Судя по всему, дела у него шли неплохо. Он окончательно выкарабкался из той ямы, в которую угодил после смерти Азимова. Сейчас же Дима вознесся на вершину. Песни его играли отовсюду, ряды поклонников росли, авторитет среди коллег по шоу-бизнесу — тоже. Главный музыкальный канал присудил ему премию «Лучший исполнитель года»; в этой номинации он обошел самого Кирилла Фикорова. В ноябре состоялся очередной отбор на ежегодный конкурс песни «Евросонг», и путем СМС-голосования зрители вновь выбрали Диму для участия в этом международном состязании. Когда в прямом эфире объявили его победу, Люська увидела, что он не может сдержать слез.

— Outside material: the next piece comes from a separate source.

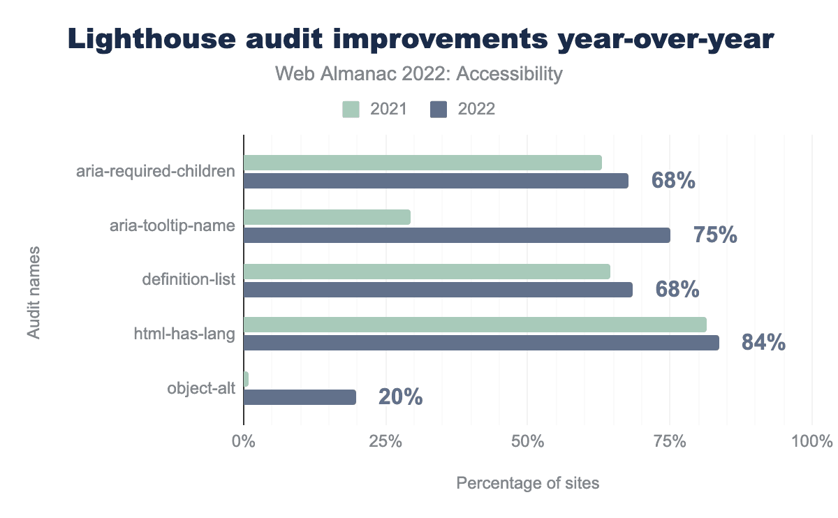 Looking at Lighthouse audits reporting results, out of 41 automated checks, 35 passed successfully on more sites in 2022 compared to 2021. 11 audits show improvements greater than 1%, with aria-required-children, aria-tooltip-name, definition-list, html-has-lang, and object-alt showing the most noteworthy increases. We hope that this increase represents a shift in the right direction.

Она и сама захлюпала носом, безмерно гордясь Димой и любуясь им, хотя давно уже не имела на него никаких прав. Что ж, ее эмоции были вполне объяснимы, ведь она чувствовала себя немножечко причастной к его успеху. Да и немудрено — два года назад, когда они познакомились, Дима еще только начинал свою карьеру. Она видела его взлеты и падения, радовалась и переживала за него… Какую-то часть его жизни (пусть небольшую, пусть ничтожно мелкую по сравнению со ВСЕЙ жизнью) ей повезло быть рядом. Она была очень благодарна судьбе за Диму и не жалела ни о чем. Она даже искренне порадовалась бы, если б узнала, что в его жизни без нее появились новые люди, новые друзья, новые интересы и увлечения… Она от всего сердца желала ему счастья, несмотря на то, что у него была своя дорога, а у нее — своя… Дима был для нее даром судьбы, и лучшего человека в мире она не знала. Что ж, сама виновата в том, что сейчас одна — такие драгоценные подарки нужно беречь. Да и потом… разве Алеся не была ее самым главным, самым дорогим подарком?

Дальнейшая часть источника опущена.